Source data:

☆ ☆ ☆ ☆ ☆

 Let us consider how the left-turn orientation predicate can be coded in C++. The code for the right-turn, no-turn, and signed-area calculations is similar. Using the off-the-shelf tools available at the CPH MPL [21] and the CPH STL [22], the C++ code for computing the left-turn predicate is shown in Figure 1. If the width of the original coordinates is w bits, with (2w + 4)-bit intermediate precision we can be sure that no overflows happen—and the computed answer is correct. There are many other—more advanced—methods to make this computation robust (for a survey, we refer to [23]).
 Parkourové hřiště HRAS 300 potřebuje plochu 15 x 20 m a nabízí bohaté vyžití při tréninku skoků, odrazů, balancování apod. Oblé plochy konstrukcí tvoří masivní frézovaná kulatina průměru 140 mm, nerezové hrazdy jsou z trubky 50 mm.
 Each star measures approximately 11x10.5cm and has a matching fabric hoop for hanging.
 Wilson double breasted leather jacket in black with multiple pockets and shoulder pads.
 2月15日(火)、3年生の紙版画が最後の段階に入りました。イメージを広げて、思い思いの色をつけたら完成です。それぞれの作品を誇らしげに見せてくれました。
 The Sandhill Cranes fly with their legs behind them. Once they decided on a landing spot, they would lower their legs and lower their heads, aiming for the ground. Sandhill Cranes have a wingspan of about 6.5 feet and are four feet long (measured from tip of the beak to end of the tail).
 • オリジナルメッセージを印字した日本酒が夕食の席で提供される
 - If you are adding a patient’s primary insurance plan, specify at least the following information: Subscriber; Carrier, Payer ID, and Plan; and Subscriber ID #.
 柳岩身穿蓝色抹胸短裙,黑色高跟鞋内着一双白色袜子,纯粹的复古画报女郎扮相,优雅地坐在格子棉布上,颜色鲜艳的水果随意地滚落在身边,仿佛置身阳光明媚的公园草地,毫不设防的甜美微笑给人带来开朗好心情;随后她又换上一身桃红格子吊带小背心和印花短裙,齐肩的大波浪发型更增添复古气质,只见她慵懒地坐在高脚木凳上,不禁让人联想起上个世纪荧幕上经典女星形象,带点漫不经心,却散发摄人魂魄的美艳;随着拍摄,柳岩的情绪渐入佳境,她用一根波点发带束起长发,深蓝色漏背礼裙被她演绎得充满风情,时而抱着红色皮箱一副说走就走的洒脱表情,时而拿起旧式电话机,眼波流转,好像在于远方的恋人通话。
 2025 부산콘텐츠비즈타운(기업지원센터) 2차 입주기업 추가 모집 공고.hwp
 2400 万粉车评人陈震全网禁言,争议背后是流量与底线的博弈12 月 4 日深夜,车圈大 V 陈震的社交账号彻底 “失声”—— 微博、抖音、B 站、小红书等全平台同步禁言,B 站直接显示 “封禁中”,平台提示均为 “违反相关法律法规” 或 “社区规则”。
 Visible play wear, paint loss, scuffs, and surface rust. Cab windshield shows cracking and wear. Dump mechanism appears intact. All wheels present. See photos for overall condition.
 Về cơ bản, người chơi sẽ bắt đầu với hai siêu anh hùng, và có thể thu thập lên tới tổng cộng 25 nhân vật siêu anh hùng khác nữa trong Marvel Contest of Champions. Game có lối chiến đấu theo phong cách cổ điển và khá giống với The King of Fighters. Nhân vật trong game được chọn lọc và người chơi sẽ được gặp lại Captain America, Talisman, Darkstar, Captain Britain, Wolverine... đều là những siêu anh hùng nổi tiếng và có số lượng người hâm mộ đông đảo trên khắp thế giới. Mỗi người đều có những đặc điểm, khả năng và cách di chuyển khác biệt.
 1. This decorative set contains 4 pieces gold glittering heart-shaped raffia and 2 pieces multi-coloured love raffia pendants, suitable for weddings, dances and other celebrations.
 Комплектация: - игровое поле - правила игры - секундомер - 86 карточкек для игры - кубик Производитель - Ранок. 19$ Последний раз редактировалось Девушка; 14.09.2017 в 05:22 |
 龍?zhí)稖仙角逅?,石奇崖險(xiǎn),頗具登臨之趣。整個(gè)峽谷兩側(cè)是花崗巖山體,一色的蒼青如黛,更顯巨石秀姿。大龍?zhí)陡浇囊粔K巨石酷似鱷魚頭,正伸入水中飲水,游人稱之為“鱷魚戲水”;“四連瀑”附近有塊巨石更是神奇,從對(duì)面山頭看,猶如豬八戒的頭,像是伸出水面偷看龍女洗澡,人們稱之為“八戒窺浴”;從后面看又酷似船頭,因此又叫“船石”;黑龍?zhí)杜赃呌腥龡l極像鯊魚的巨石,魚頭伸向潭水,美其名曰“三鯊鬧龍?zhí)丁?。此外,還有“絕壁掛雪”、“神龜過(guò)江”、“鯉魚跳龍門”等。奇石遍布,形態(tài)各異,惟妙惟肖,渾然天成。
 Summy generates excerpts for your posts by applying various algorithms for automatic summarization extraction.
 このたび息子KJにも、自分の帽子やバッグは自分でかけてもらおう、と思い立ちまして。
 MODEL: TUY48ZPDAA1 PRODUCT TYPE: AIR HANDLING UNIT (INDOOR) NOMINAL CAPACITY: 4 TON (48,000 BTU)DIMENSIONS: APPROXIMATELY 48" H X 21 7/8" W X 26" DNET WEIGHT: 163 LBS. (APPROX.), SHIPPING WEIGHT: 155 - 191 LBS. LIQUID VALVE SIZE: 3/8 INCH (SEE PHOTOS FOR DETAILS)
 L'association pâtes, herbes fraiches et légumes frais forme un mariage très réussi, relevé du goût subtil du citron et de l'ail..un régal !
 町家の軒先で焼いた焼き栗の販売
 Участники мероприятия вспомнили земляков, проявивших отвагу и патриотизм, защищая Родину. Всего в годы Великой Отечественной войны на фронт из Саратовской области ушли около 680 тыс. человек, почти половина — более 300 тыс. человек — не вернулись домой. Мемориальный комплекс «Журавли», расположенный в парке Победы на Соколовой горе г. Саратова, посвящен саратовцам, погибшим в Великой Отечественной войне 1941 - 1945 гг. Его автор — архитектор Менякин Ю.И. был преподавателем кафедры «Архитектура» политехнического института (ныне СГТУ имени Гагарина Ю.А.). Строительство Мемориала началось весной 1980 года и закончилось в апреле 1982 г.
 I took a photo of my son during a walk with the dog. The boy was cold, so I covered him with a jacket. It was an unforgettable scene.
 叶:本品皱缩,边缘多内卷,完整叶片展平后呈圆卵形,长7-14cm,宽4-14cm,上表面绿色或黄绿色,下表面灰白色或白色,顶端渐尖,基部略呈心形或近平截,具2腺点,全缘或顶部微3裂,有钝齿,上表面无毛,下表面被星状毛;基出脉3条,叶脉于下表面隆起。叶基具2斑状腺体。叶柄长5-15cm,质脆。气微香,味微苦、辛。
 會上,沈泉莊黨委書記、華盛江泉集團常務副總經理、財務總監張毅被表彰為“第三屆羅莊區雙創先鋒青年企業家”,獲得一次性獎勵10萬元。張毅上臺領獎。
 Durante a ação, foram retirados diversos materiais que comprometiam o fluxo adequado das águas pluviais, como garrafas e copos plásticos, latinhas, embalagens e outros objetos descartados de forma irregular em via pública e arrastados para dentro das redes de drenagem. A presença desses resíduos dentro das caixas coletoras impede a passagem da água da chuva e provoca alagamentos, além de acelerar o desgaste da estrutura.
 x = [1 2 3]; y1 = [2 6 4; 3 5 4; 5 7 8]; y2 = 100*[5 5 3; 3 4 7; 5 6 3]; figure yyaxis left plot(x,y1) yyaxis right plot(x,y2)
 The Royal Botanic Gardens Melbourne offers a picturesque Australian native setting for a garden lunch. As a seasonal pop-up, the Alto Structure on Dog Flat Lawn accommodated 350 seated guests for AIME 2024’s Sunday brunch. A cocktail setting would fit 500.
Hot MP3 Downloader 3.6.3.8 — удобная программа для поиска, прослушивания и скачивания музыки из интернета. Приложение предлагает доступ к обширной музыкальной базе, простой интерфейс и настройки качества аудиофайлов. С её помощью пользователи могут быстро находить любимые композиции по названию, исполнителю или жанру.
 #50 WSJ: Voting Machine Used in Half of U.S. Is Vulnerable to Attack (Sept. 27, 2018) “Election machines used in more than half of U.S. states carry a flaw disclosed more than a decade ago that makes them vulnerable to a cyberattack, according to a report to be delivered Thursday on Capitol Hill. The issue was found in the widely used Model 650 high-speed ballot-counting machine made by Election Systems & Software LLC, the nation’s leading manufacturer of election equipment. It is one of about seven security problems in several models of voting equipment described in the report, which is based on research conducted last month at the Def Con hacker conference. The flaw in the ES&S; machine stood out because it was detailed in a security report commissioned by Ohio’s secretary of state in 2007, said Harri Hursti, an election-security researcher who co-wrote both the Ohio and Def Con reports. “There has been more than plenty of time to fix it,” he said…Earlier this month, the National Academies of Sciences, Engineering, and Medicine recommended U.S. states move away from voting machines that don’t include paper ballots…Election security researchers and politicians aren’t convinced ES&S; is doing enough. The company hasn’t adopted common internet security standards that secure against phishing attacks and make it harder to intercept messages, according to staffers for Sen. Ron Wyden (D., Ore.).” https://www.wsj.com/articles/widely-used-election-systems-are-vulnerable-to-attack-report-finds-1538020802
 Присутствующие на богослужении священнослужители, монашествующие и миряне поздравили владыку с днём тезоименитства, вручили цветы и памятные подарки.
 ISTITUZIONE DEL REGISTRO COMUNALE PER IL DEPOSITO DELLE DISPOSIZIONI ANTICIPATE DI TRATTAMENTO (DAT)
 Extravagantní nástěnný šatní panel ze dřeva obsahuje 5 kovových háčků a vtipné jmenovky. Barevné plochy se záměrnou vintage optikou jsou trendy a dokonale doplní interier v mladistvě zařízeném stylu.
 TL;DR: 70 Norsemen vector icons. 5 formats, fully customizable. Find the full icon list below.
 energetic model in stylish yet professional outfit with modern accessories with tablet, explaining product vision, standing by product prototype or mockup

☆ ☆ ☆ ☆ ☆

TASK OBJECTIVE → Print exactly the lines above from the one with "Each star measures" to the one with "柳岩身穿蓝色抹胸短裙,黑色高", including both.

SOLUTION FOR THIS TASK →
 Each star measures approximately 11x10.5cm and has a matching fabric hoop for hanging.
 Wilson double breasted leather jacket in black with multiple pockets and shoulder pads.
 2月15日(火)、3年生の紙版画が最後の段階に入りました。イメージを広げて、思い思いの色をつけたら完成です。それぞれの作品を誇らしげに見せてくれました。
 The Sandhill Cranes fly with their legs behind them. Once they decided on a landing spot, they would lower their legs and lower their heads, aiming for the ground. Sandhill Cranes have a wingspan of about 6.5 feet and are four feet long (measured from tip of the beak to end of the tail).
 • オリジナルメッセージを印字した日本酒が夕食の席で提供される
 - If you are adding a patient’s primary insurance plan, specify at least the following information: Subscriber; Carrier, Payer ID, and Plan; and Subscriber ID #.
 柳岩身穿蓝色抹胸短裙,黑色高跟鞋内着一双白色袜子,纯粹的复古画报女郎扮相,优雅地坐在格子棉布上,颜色鲜艳的水果随意地滚落在身边,仿佛置身阳光明媚的公园草地,毫不设防的甜美微笑给人带来开朗好心情;随后她又换上一身桃红格子吊带小背心和印花短裙,齐肩的大波浪发型更增添复古气质,只见她慵懒地坐在高脚木凳上,不禁让人联想起上个世纪荧幕上经典女星形象,带点漫不经心,却散发摄人魂魄的美艳;随着拍摄,柳岩的情绪渐入佳境,她用一根波点发带束起长发,深蓝色漏背礼裙被她演绎得充满风情,时而抱着红色皮箱一副说走就走的洒脱表情,时而拿起旧式电话机,眼波流转,好像在于远方的恋人通话。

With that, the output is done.